A violência contra a mulher é definida pelo Instituto Maria da Penha e explicada como um ciclo (algo que não tem previsão de chegar ao fim) composto por três fases:

Fase 1 – Aumento da Tensão,

Fase 2 – Ato de Violência,

Fase 3 – Arrependimento e Comportamento Carinhoso.

Para quem quiser compreender melhor esse ciclo, eu indico a leitura detalhada no site do Instituto Maria da Penha e do meu texto para este blog sobre uma visão analítico-comportamental desse fenômeno: O Ciclo da Violência Contra a Mulher a Partir de uma Visão Analítico-Comportamental.

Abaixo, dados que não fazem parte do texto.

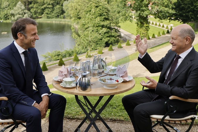 Le chancelier allemand Olaf Scholz et le président français Emmanuel Macron au palais Schloss Meseberg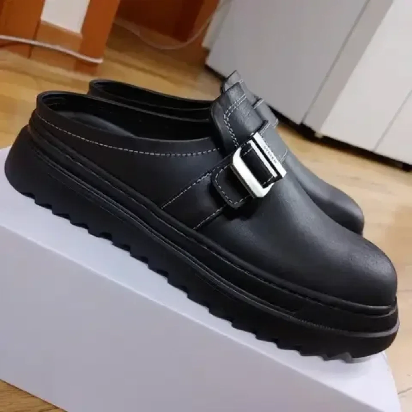 당근시스템옴므 소가죽 버클 벨크로 블랙 뮬

Bem, a partir deste parágrafo irei propor algumas inferências sobre as minhas experiências ao atender esses casos, irei relatar os sentimentos que senti e os sentimentos que ouvi de supervisionandas. Por fim, eu gostaria de deixar um espaço no qual possamos dialogar sobre como ajudar as vítimas a saírem das relações abusivas ao invés de tentarmos suprimir os nossos sentimentos (terapeuta é gente!), já que nos foi ensinado que nós terapeutas não podemos sentir raiva de nenhum ou nenhuma cliente e, se sentirmos, é porque existe algo de errado conosco (relembre o meme Será que os psicólogos pensam: “16h, hora da sessão daquele CHATO).

Ao longo da minha trajetória como psicoterapeuta feminista, os casos de violência contra a mulher chegam e chegavam aos montes em meu consultório. Quando eu ainda atendia presencialmente, foram incontáveis as vezes em que um marido abusador acompanhou a esposa até a psicoterapia dela e a esperou na recepção enquanto ela falava sobre o relacionamento abusivo vivido dentro da minha sala. Eu vivi isso presencialmente com mulheres se sentindo amedrontadas em suas próprias sessões de terapia e no formato on-line, principalmente na época da quarentena em que muitas mulheres ficaram totalmente presas em casa com seus abusadores.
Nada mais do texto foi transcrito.